Given data:
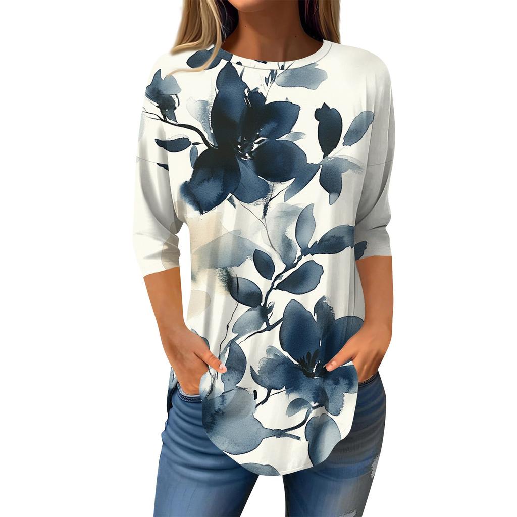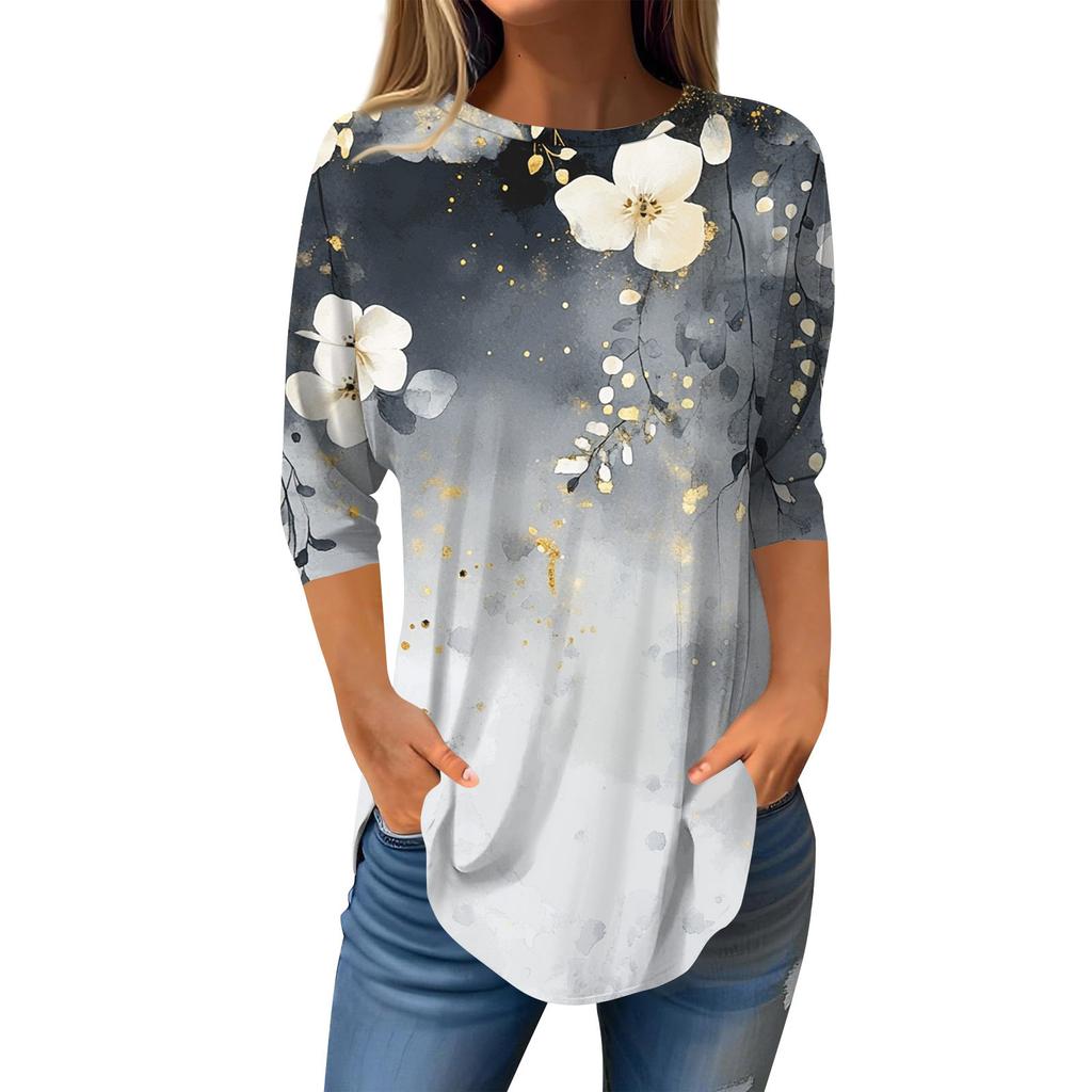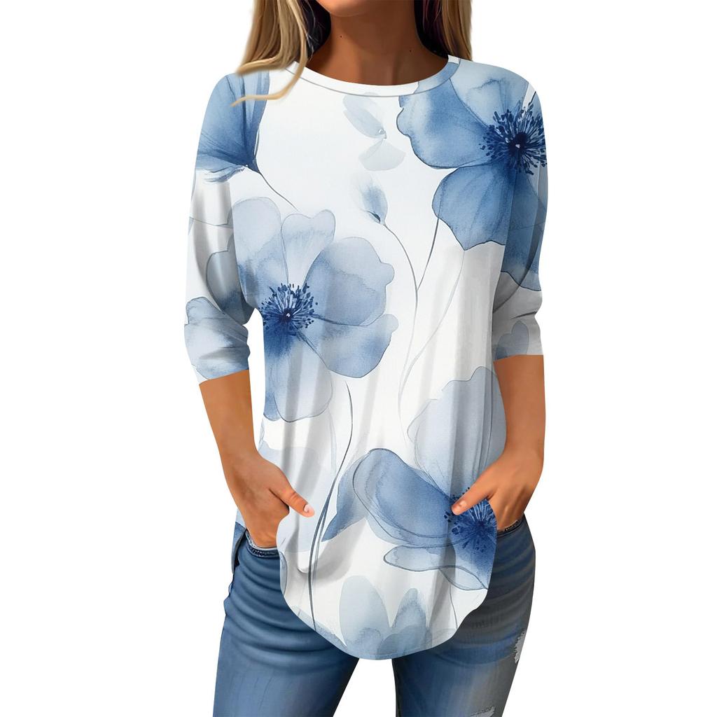 Рубашки с рукавом 3/4 для женщин, милые топы, футболки с рисунком, блузки, повседневные базовые топы больших размеров, пуловеры
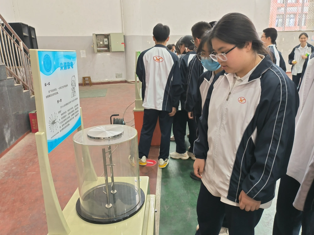 活动现场,涵盖物理学、光学、机械工程等领域的科普展品吸引了众多学生驻足体验。面对“辉光球”“动画”“尖端放电”等装置,江油一中学子展现出扎实的科学素养,不仅动手操作实践,更从原理层面深入分析现象背后的科学规律。学生纷纷表示:“通过“静电乒乓”让我直观感受到电荷分布的规律。”不少学生还能结合课堂所学,用公式推导解释展品现象,体现了理论与实践结合的能力。
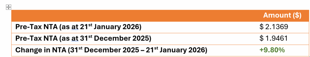 Finally, the Fat Prophets Global Contrarian Fund (ASX: FPC) updated the ASX this morning, which revealed a cracking start to the year. Estimated pre-tax NTA confirmed a month-to-date increase of nearly 10%. Performance was driven across the portfolio and notably in precious metals, Chinese tech majors and Japanese financials. FPC shares also made a new record high, touching $1.60 for the first time. On this front, the discount of share price below the underlying estimated pre-tax NTA remains a sizeable c26%.
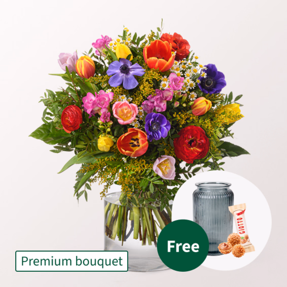 Great premium bouquet with mixed coloured tulips, blue anemones, red ranunculus, pink freesia, solidago, chamomilles and plenty of greens. Diameter about 40 cm. Freshly tied for you with care tips, flower nutrients and supplied with water.
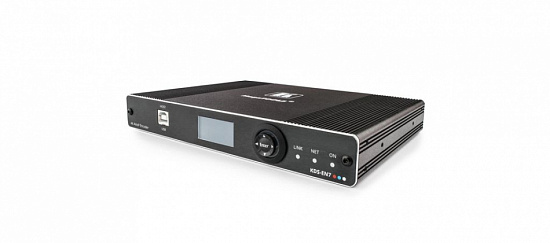 KDS-EN7 — кодер и передатчик в сеть Ethernet сигналов HDMI с разрешением до 4K@60 Гц (4:2:0), аудио, RS-232, ИК и USB. KDS-EN7 производит преобразование сигналов HDMI, эмбедированного аудио, RS-232, ИК и USB в цифровой поток, передаваемый по сети IP на основе медной витой пары в режиме Unicast или Multicast. Приёмником потока может служить, например, прибор KDS-DEC7.
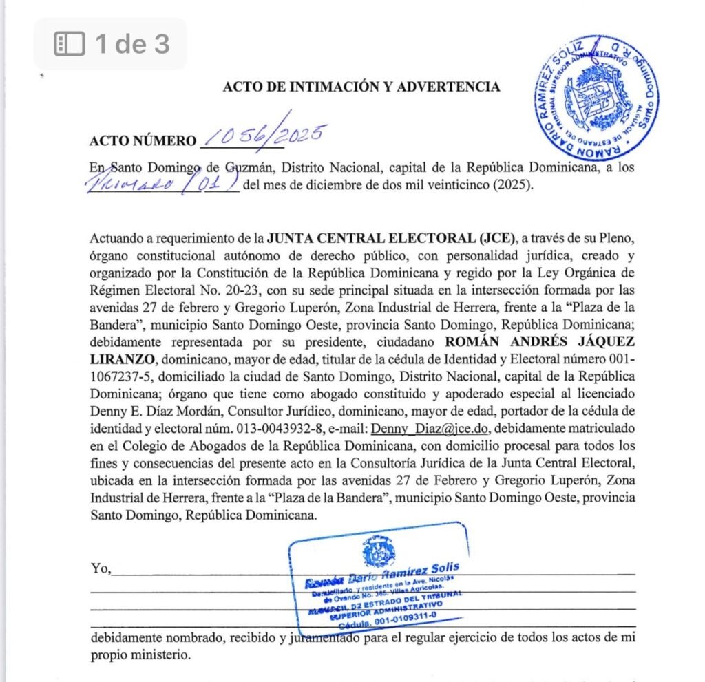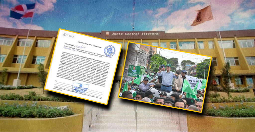 El acto de intimación emitido por el Pleno de la JCE y notificado a través de un alguacil, advierte que la manifestación convocada por Fuerza del Pueblo utilizó símbolos, colores, consignas y emblemas propios del partido, así como la presencia de dirigentes, elementos que según el órgano electoral podrían configurarse como propaganda político-partidaria realizada fuera del período permitido.
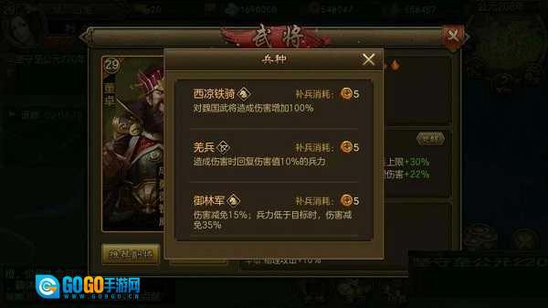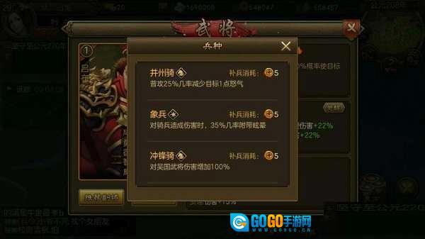 推荐:藤甲兵(目前使用物理武将的玩家比较多,像赵云、许褚、太史慈、吕布这类,这个兵种具备抵挡伤害的效果)
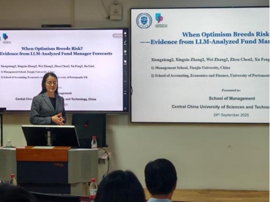 9月24日下午,喻园管理论坛2025年第57期(总1098期)在管理大楼219教室顺利举行。本次论坛特邀英国朴茨茅斯大学刘嘉教授担任主讲嘉宾,以“When Optimism Breeds Risk: Evidence from LLM-Analyzed Fund Manager Forecasts”为主题做学术分享。论坛由Bevictor伟德管理科学系王林教授主持,系主任胡斌教授、谭志加教授、盛典副研究员,以及计算金融系邓洋副教授、石冠群副教授等多位教师参与交流。
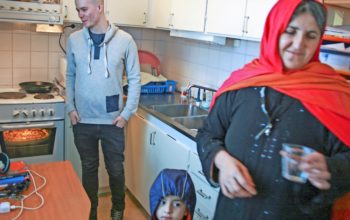Samling i köket. Jerry Freij har koll på Janssons frestelse i ugnen. Serbabi Ranam med sonen Beitula hämtar vatten att dricka till maten. Det doftar ljuvligt – snart börjar festen., Gäster. Amira Mohammad, Bisrat Kesete, Mousa Osman, Ismail Mohammed och Simret Gabrejesus kommer alla från Eritrea., Smakfullt. Radj Hadjar trivs på festen. Han har lagat harisi, en söt och mjuk kaka. ”Vackert land, vackert folk, vackert allting,” säger han., Feststämning. Dansen kommer i gång och det spritter i benen. De som inte dansar klappar takten till musiken., , Lena Daxberg., Beitula Ranam trivs fint i feststämningen på Stålhagsgården., Bordet dignar och ljuvliga dofter från flera länder blandas. Det är fest på Stålhagsgården.
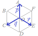 (2) また2点 A, Bを結ぶベクトル \( \overset{\longrightarrow}{AB} \)は, \( \vec{q}-\vec{p} \)と表すこともできる.

Task to complete:
Would you output the lines above from the line holding "Great premium bouquet" up to and including the line holding "KDS-EN7 — кодер", exactly and only those, with no pictures?

Exercise response:
 Great premium bouquet with mixed coloured tulips, blue anemones, red ranunculus, pink freesia, solidago, chamomilles and plenty of greens. Diameter about 40 cm. Freshly tied for you with care tips, flower nutrients and supplied with water.
 KDS-EN7 — кодер и передатчик в сеть Ethernet сигналов HDMI с разрешением до 4K@60 Гц (4:2:0), аудио, RS-232, ИК и USB. KDS-EN7 производит преобразование сигналов HDMI, эмбедированного аудио, RS-232, ИК и USB в цифровой поток, передаваемый по сети IP на основе медной витой пары в режиме Unicast или Multicast. Приёмником потока может служить, например, прибор KDS-DEC7.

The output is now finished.